§ **EXERCISE PROMPT**
From the records below, please repeat exactly the line that has "Vialidad provincial comparte", the line that has "CIREBON – Ribuan", and every line between them, and nothing else.
THE INPUT START
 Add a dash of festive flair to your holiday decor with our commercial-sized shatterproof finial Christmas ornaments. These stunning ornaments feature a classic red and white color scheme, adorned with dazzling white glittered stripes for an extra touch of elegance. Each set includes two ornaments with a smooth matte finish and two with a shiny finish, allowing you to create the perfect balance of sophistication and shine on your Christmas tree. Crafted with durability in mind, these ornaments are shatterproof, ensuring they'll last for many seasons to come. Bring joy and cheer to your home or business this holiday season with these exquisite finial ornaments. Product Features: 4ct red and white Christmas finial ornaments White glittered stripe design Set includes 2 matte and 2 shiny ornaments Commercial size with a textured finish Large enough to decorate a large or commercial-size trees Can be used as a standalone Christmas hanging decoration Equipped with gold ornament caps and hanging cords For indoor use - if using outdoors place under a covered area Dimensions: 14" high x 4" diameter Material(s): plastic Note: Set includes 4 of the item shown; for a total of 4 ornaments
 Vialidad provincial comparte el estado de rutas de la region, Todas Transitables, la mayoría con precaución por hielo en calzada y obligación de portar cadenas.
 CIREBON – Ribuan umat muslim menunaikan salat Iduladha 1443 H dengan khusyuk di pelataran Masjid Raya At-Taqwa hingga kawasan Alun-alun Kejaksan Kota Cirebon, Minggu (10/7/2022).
THE INPUT END
THE INPUT START
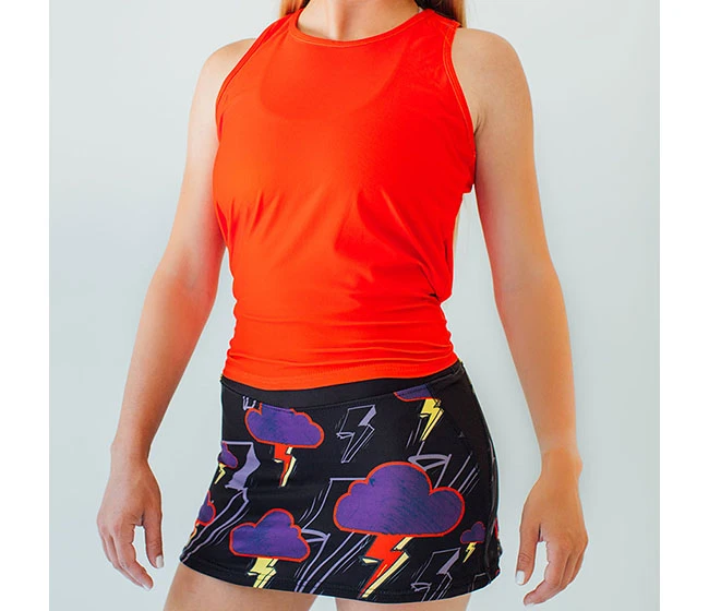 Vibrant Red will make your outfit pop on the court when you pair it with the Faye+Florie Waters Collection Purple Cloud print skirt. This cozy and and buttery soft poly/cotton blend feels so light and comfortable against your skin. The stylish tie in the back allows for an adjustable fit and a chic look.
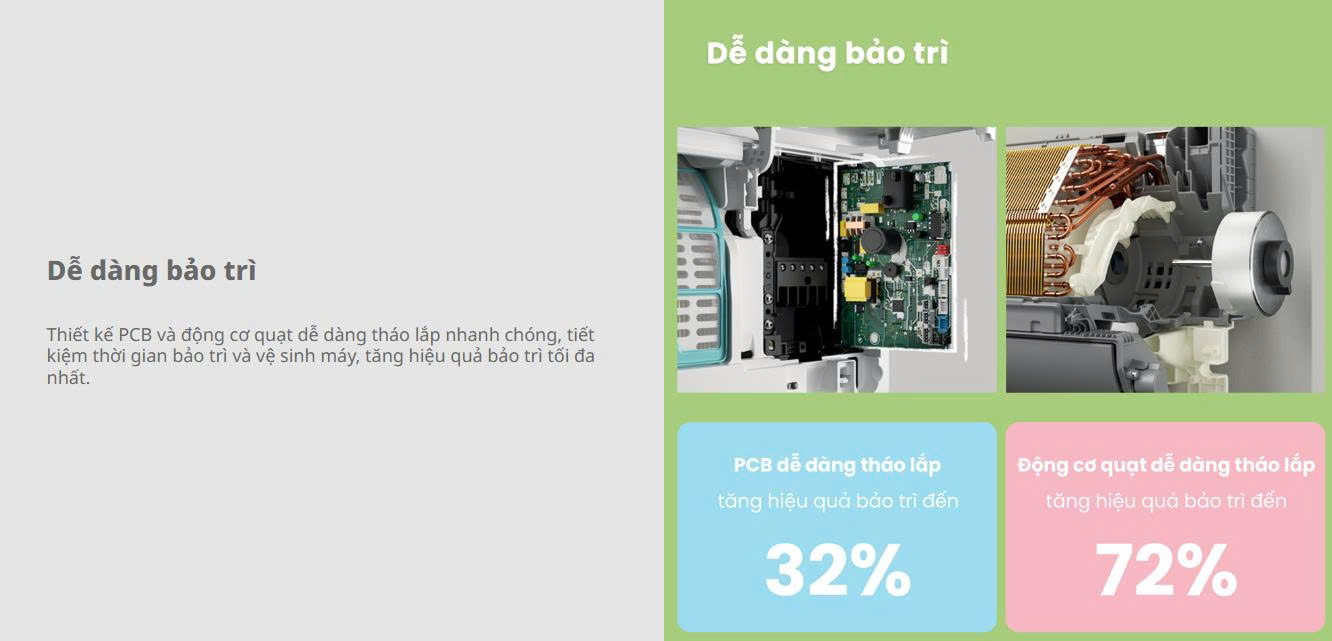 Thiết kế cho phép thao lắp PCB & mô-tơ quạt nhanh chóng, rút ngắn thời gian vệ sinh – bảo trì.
THE INPUT END
THE INPUT START
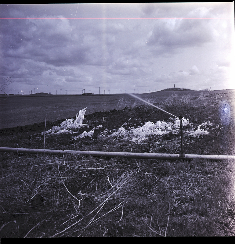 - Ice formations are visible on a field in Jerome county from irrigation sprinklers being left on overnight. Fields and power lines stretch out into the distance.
THE INPUT END
§ **REPLY**
 Vialidad provincial comparte el estado de rutas de la region, Todas Transitables, la mayoría con precaución por hielo en calzada y obligación de portar cadenas.
 CIREBON – Ribuan umat muslim menunaikan salat Iduladha 1443 H dengan khusyuk di pelataran Masjid Raya At-Taqwa hingga kawasan Alun-alun Kejaksan Kota Cirebon, Minggu (10/7/2022).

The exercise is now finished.